--- DATA FOR THE TASK ---
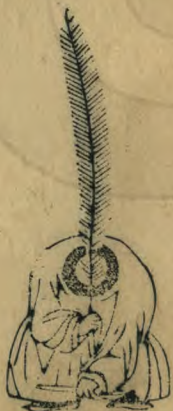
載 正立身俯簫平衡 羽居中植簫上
---
--- DATA FOR THE TASK ---
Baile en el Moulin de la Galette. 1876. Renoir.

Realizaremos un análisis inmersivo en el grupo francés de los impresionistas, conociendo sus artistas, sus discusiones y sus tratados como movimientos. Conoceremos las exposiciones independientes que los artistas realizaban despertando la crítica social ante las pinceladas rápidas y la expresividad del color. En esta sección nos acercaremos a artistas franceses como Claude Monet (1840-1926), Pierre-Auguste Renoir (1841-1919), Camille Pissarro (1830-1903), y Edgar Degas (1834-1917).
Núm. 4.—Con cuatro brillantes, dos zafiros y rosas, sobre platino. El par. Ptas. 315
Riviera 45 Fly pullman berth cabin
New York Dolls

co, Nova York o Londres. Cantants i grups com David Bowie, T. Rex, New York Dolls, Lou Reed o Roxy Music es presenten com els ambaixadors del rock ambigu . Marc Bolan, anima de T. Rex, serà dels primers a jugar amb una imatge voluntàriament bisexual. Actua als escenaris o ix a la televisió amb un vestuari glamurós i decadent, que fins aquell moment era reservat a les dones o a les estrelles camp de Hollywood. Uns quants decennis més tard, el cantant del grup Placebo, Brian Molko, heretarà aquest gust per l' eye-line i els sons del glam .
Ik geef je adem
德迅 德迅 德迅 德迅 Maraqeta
---
--- DATA FOR THE TASK ---
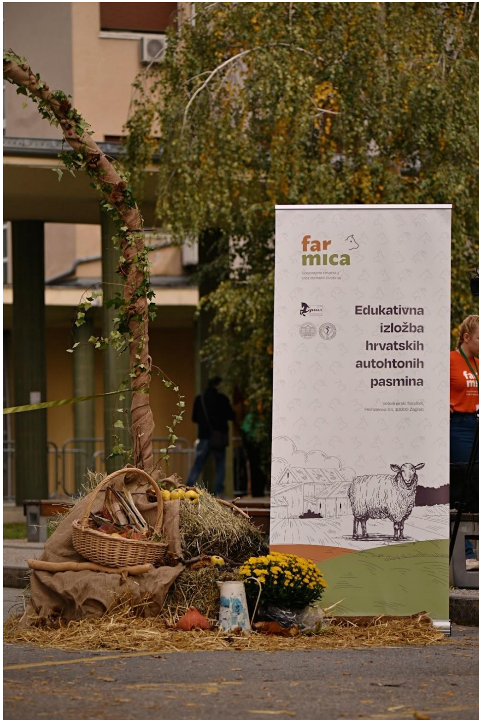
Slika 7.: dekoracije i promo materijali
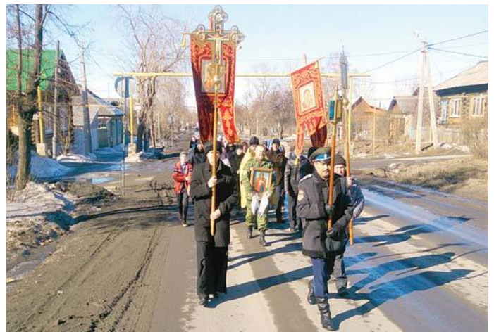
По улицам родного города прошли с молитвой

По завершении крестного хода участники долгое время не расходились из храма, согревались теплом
---
WORK TASK: The output should be exactly the lines above from the line containing "Riviera 45 Fly pullman berth cabin" to the line containing "德迅 德迅 德迅 德迅 Maraqeta", inclusive, with no other lines.

ANSWER SECTION:
Riviera 45 Fly pullman berth cabin
New York Dolls

co, Nova York o Londres. Cantants i grups com David Bowie, T. Rex, New York Dolls, Lou Reed o Roxy Music es presenten com els ambaixadors del rock ambigu . Marc Bolan, anima de T. Rex, serà dels primers a jugar amb una imatge voluntàriament bisexual. Actua als escenaris o ix a la televisió amb un vestuari glamurós i decadent, que fins aquell moment era reservat a les dones o a les estrelles camp de Hollywood. Uns quants decennis més tard, el cantant del grup Placebo, Brian Molko, heretarà aquest gust per l' eye-line i els sons del glam .
Ik geef je adem
德迅 德迅 德迅 德迅 Maraqeta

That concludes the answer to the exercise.